Przyszłe matki zmuszone do brania urlopu macierzyńskiego
ZUS, aby zaoszczędzić około miliona złotych,
sugeruje lekarzom, aby kobietom, które mają bliski termin porodu,
nie wystawiali zwolnień lekarskich, lecz wysyłali je na urlopy
macierzyńskie - pisze "Nasz Dziennik".
20.03.2007 01:05
Zalogowani mogą więcej
Możesz zapisać ten artykuł na później. Znajdziesz go potem na swoim koncie użytkownika
Zdaniem gazety, nie byłoby w tym nic dziwnego - bo przecież zgodnie z ustawą można urlop wziąć na dwa tygodnie przed urodzeniem dziecka i kontynuować po rozwiązaniu - gdyby nie fakt, że przyszłym mamom wręcz nakazuje się wcześniejsze skorzystanie z przysługującego im przywileju.

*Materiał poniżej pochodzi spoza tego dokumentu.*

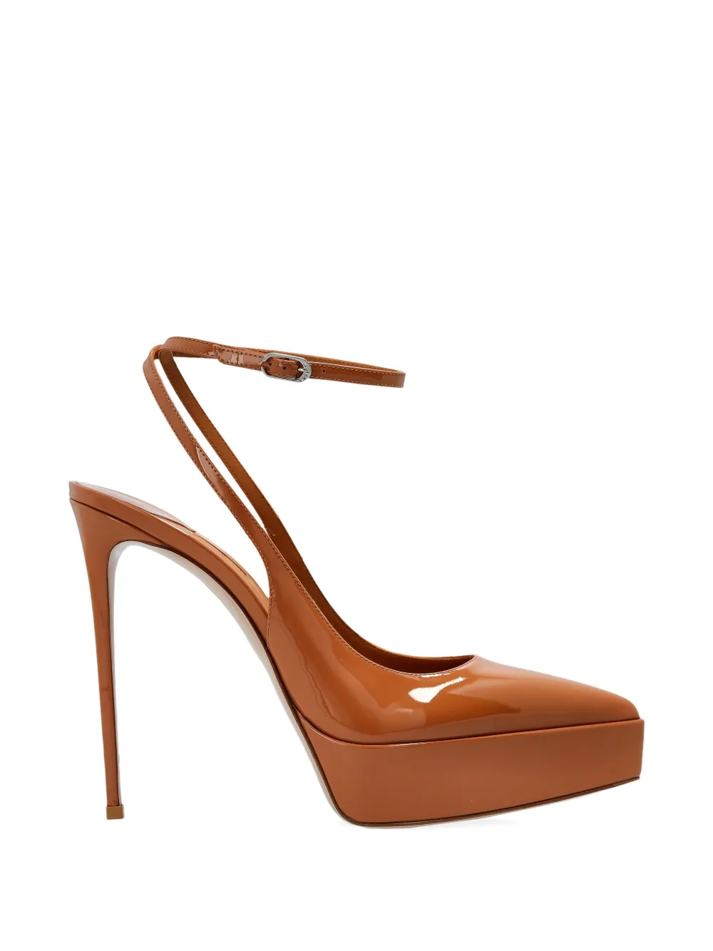 Коричневые лакированные туфли с ремешком на щиколотке, заостренным носком и платформой
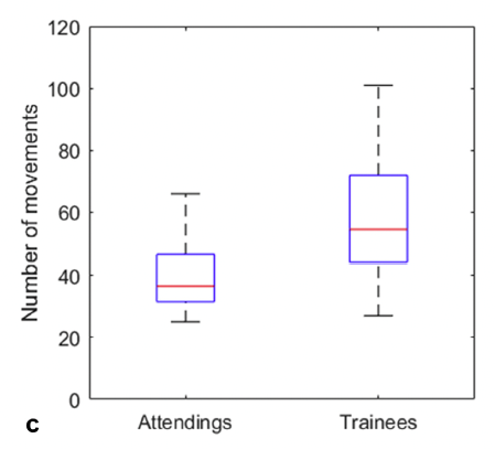 The time, path length, and number of movements were all lower for experienced attendings as compared with trainees, demonstrating the sensitivity of the system to motions associated with the IR procedures and the ability to differentiate the motions of experts versus trainees.
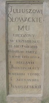 Słowacki Juliusz - tablica pamiątkowa na cmentarzu w Krzemieńcu
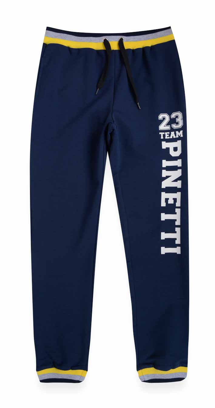 Pinneti College 517201-F Брюки 95% хлопок 5% спандекс Брюки трикотажные на манжетах. Карманы в боковых швах, на заднем накладном карманк - нашивка. Принт пластезолью на левой брючине. На поясе и манжетах - контрастные полоски. синий / цена- 1570,00 руб. размер 162

A dlatego, bo - jak tłumaczył lekarz jednej z czytelniczek "ND" - kontrolerzy z ubezpieczeń zwrócili mu raz uwagę, żeby trzymał się nieformalnych zaleceń. Szczególnie dotyczy to kobiet zatrudnionych w dużych zakładach pracy i będących przed narodzinami dziecka na zwolnieniu lekarskim - zauważa "Nasz Dziennik". (PAP)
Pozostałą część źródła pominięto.